─── SUPPLIED INFORMATION
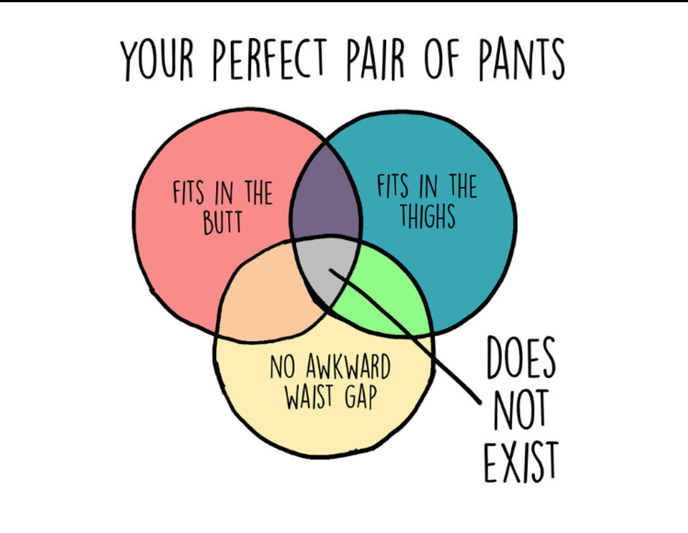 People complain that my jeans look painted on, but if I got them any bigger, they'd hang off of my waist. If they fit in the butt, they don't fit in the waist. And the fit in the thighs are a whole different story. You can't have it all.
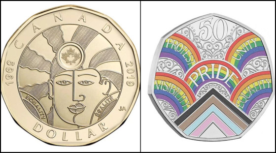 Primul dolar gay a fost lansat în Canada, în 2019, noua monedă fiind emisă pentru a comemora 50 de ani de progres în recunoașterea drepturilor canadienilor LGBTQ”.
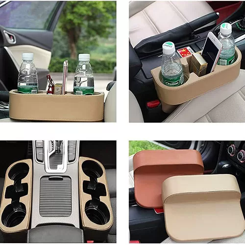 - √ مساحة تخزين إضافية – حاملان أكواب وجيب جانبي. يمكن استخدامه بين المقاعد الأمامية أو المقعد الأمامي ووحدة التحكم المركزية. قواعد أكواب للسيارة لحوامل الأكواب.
──────
PROBLEM TO WORK ON
Only the lines from the top of the data through the line with "Primul dolar gay" should be quoted, exactly and with both ends kept; skip the pictures.

EXERCISE RESULT
 People complain that my jeans look painted on, but if I got them any bigger, they'd hang off of my waist. If they fit in the butt, they don't fit in the waist. And the fit in the thighs are a whole different story. You can't have it all.
 Primul dolar gay a fost lansat în Canada, în 2019, noua monedă fiind emisă pentru a comemora 50 de ani de progres în recunoașterea drepturilor canadienilor LGBTQ”.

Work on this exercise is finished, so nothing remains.